The prefix is taken from the endpoint's tool_prefix if set; otherwise it's derived from name by sanitizing to lowercase ASCII (non-ASCII characters are stripped). If sanitization yields an empty string, set tool_prefix explicitly. When the relay is connected to only one underlying server, prefixes are omitted and tools keep their original names.

Crash recovery

STDIO adapters are restarted automatically with exponential backoff when the underlying process exits unexpectedly. Each restart resets the adapter to the initializing lifecycle state and then either back to ready on success or to failed with the most recent error exposed on the endpoint entry returned by GET /api/endpoints. SSE / HTTP / OAuth adapters reconnect on transport errors; OAuth tokens are refreshed automatically when an access token nears expiry.

File locations

All paths are under the data directory (default ~/.endara):

~/.endara/config.toml — the main configuration file.
~/.endara/logs/relay.log.<YYYY-MM-DD> — daily rotated log files. Stdout also receives the same lines.
~/.endara/tokens/ — OAuth tokens and DCR client credentials. Files are written with mode 0600 on Unix. Override the location via [relay] token_dir.

Troubleshooting

Port 9400 already in use (EADDRINUSE)

Another endara-relayinstance is already listening, or you have both Endara Desktop's bundled relay and a separately installed CLI relay running. Stop one of them, or pass --port to use a different port. See Desktop troubleshooting for how Desktop handles the same conflict.

Endpoint stuck in failed state

Inspect GET /api/endpoints/{name}/logs for recent adapter output and ~/.endara/logs/relay.log.<YYYY-MM-DD>for the relay's own log. Common causes: a missing command, a server that needs an env var that wasn't set, or an OAuth flow that hasn't been completed.

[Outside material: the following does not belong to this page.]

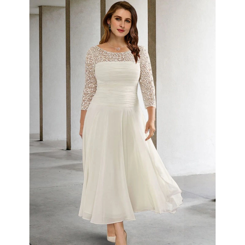 A-Line Plus Size Curve Mother of the Bride Dresses Elegant Dress Formal Wedding Guest Tea Length 3/4 Length Sleeve Jewel Neck Chiffon with Ruched Beading Sequin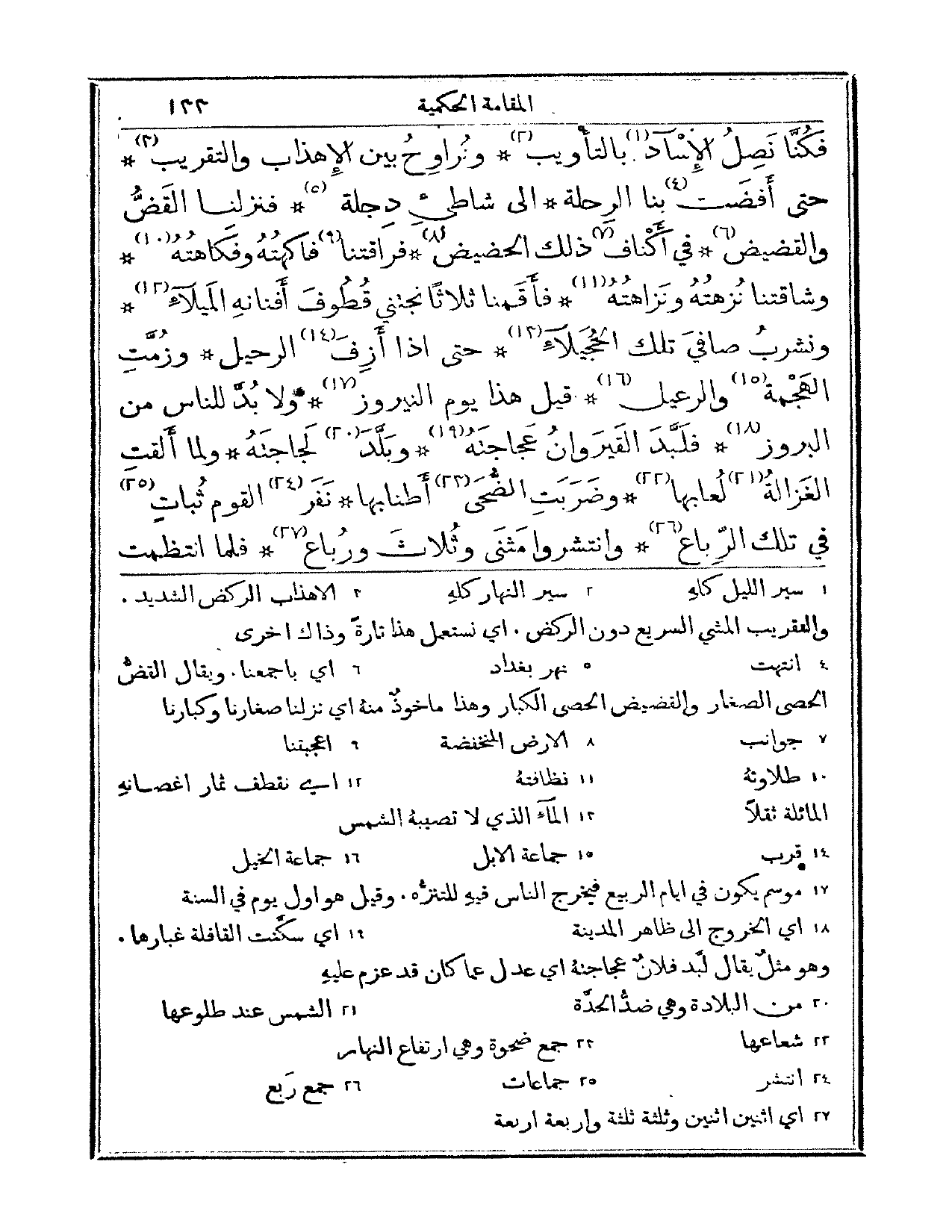 فكنا نصل الإسآد بالتأويب ونراوح بين الإهذاب والتقريب. حتى أفضت بنا الرحلة إلى شاطئ دجلة. فنزلنا القض والقضيض، في أكناف ذلك الحضيض. فراقتنا فاكهته وفكاهته، وشاقتنا نزهته ونزاهته. فأقمنا ثلاثاً نجتني قطوف أفنانه الميلاء، ونشرب صافي تلك الحجيلاء. حتى إذا أزف الرحيل، وزمت الهجمة والرعيل. قيل هذا يوم النيروز. ولا بد للناس من البروز. فلبد القيروان عجاجته وبلد لجاجته. ولما ألقت الغزالة لعابها، وضربت الضحى أطنابها. نقر القوم ثبات في تلك الرباع، وانتشروا مثنى وثلاث ورباع. فلما انتظمت

Environment variable resolution failure

If a $VAR reference in env or headersisn't set, the affected endpoint is registered as a failed adapter. Set the variable in the relay's process environment (or in your shell profile if you launch the relay from the shell) and the next reload picks it up. Use $$ to emit a literal dollar sign.

Tool name collisions

If two endpoints derive the same prefix from their name — say two endpoints called github — set an explicit tool_prefix on one of them. Validation will not let two endpoints share the same name.